Task directions: Could you restate every entry word for word, leaving the pictures out?
>>>
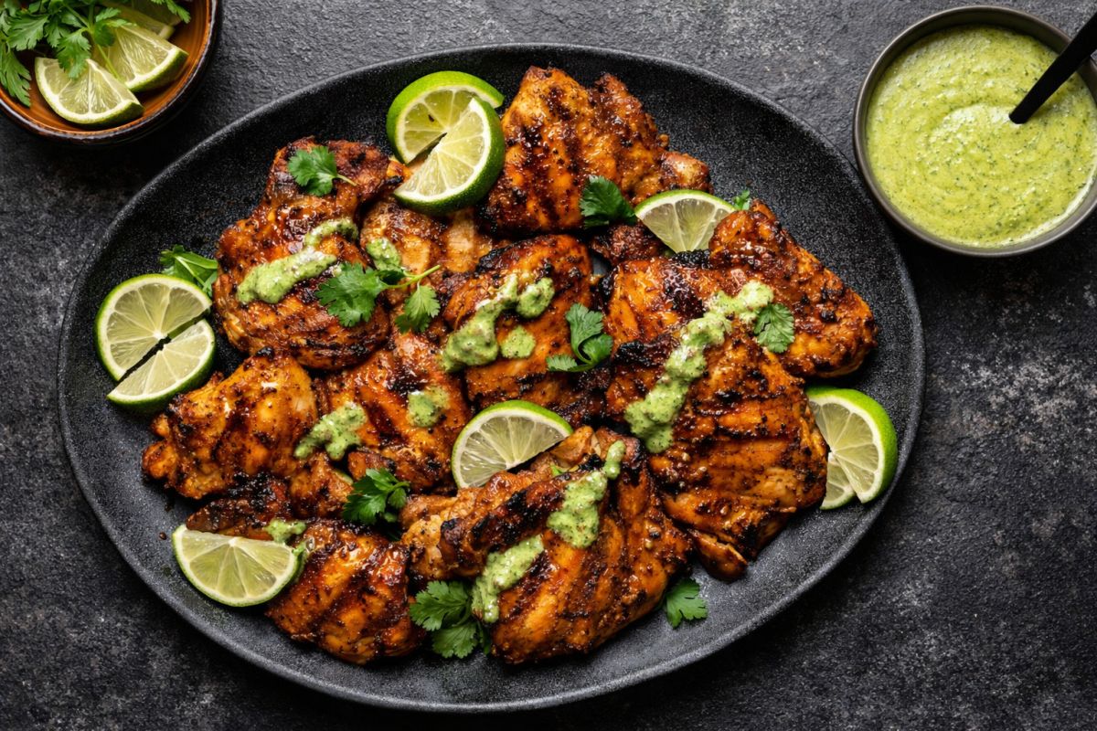 - Piščanca razporedimo po pladnju, zraven pa ponudimo ohlajeno omako in rezine limete.
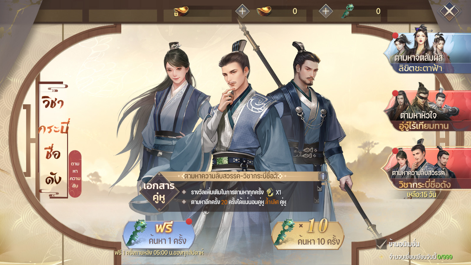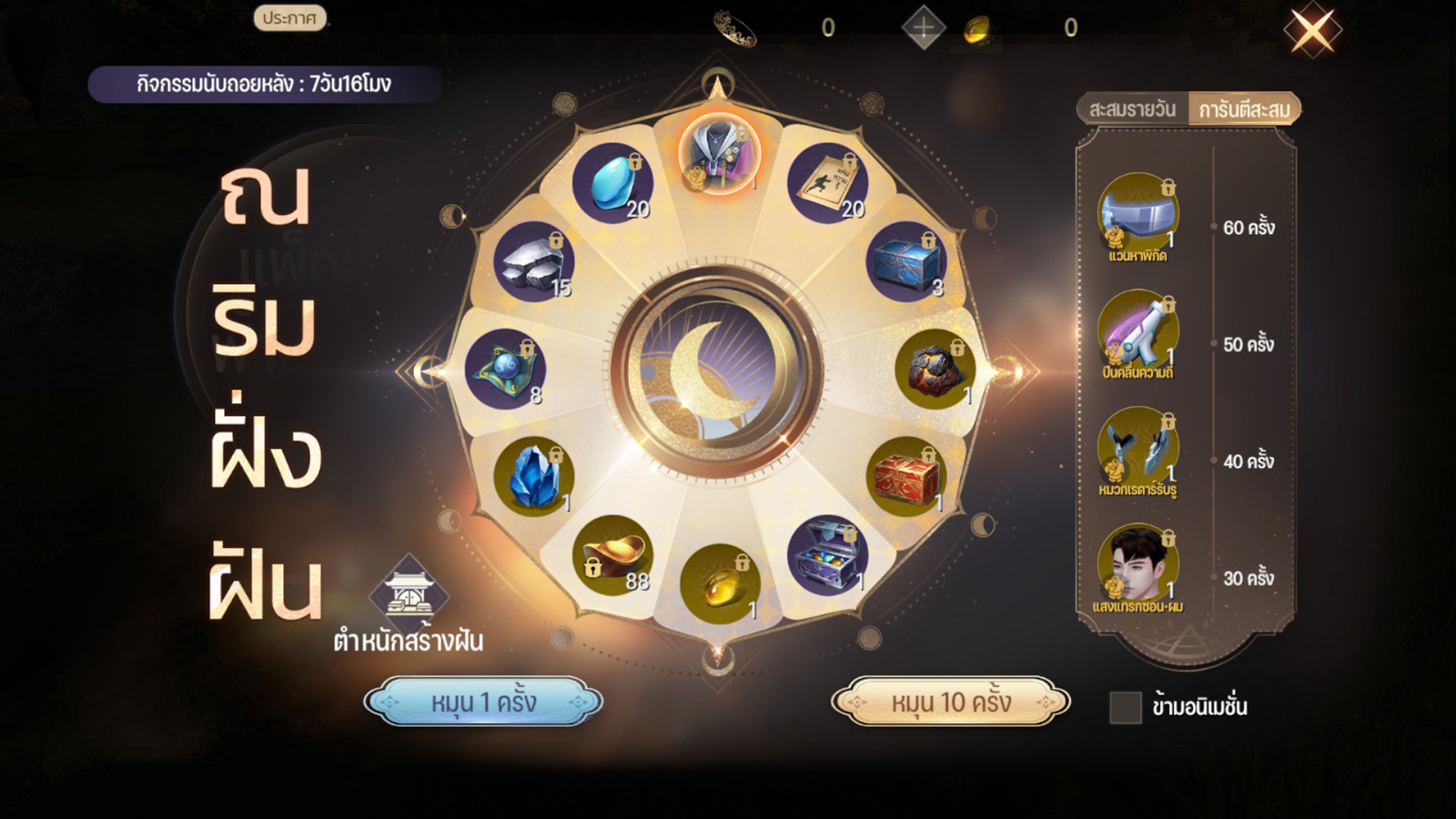 ไฮไลท์ไอเทม "กระดุมทอง" สำหรับใช้ในกิจกรรม ณ ริมฝั่งฝัน และ "กุญแจใจเดียวกัน" เพื่อสุ่มรับคู่หูใหม่ฮ่องเต้แคว้นชิ่ง
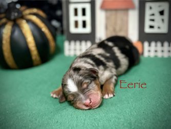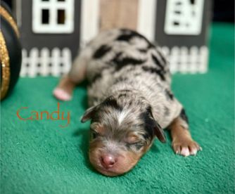 Our Aussiedoodle puppies include blue merle, black and white, and black tri-color. Miniature Australian Shepherd puppies include red & white, black & white, blue merle, black tri, red tri, and red merle. Colors will vary depending on the parent dogs.
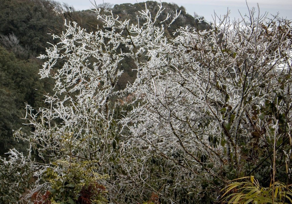 Tại đỉnh Phia Oắc của Cao Bằng, sáng 11/1 đã ghi nhận hiện tượng băng giá, sương muối khi nhiệt độ giảm xuống quanh 0 độ C.
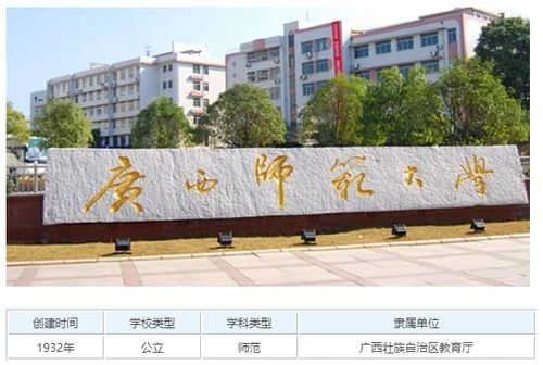 广西师范大学是重点大学,坐落在桂林市。学校有王城、育才、雁山3个校区,校园面积4100多亩。学校现有22个教学学院(含独立学院——漓江学院),在职教职员工2222人,全日制本科生23330人,硕士生5899人,博士生137人,各类留学生1600多人,函授、业余等学员近14000人。
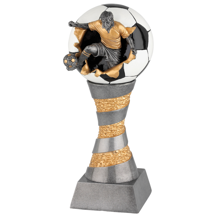 Deze mat zilveren heren resin met gouden details speciaal voor voetbal heeft Budgettrophy direct beschikbaar uit voorraad. De trofee laat een voetballer aan zien. Op de voet van de trofee kunt u een tekstplaatje laten toevoegen met uw eigen tekst. Budgettrophy monteert het tekstplaatje gratis voor u!
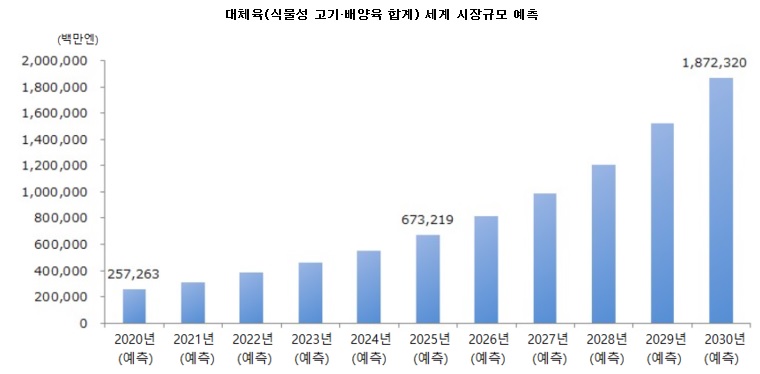 2020년의 대체육 세계 시장규모(식물성 고기·배양육 합계)는 약 2.5조를 예상한다고 합니다.
<<<
Written answer:
 - Piščanca razporedimo po pladnju, zraven pa ponudimo ohlajeno omako in rezine limete.
 ไฮไลท์ไอเทม "กระดุมทอง" สำหรับใช้ในกิจกรรม ณ ริมฝั่งฝัน และ "กุญแจใจเดียวกัน" เพื่อสุ่มรับคู่หูใหม่ฮ่องเต้แคว้นชิ่ง
 Our Aussiedoodle puppies include blue merle, black and white, and black tri-color. Miniature Australian Shepherd puppies include red & white, black & white, blue merle, black tri, red tri, and red merle. Colors will vary depending on the parent dogs.
 Tại đỉnh Phia Oắc của Cao Bằng, sáng 11/1 đã ghi nhận hiện tượng băng giá, sương muối khi nhiệt độ giảm xuống quanh 0 độ C.
 广西师范大学是重点大学,坐落在桂林市。学校有王城、育才、雁山3个校区,校园面积4100多亩。学校现有22个教学学院(含独立学院——漓江学院),在职教职员工2222人,全日制本科生23330人,硕士生5899人,博士生137人,各类留学生1600多人,函授、业余等学员近14000人。
 Deze mat zilveren heren resin met gouden details speciaal voor voetbal heeft Budgettrophy direct beschikbaar uit voorraad. De trofee laat een voetballer aan zien. Op de voet van de trofee kunt u een tekstplaatje laten toevoegen met uw eigen tekst. Budgettrophy monteert het tekstplaatje gratis voor u!
 2020년의 대체육 세계 시장규모(식물성 고기·배양육 합계)는 약 2.5조를 예상한다고 합니다.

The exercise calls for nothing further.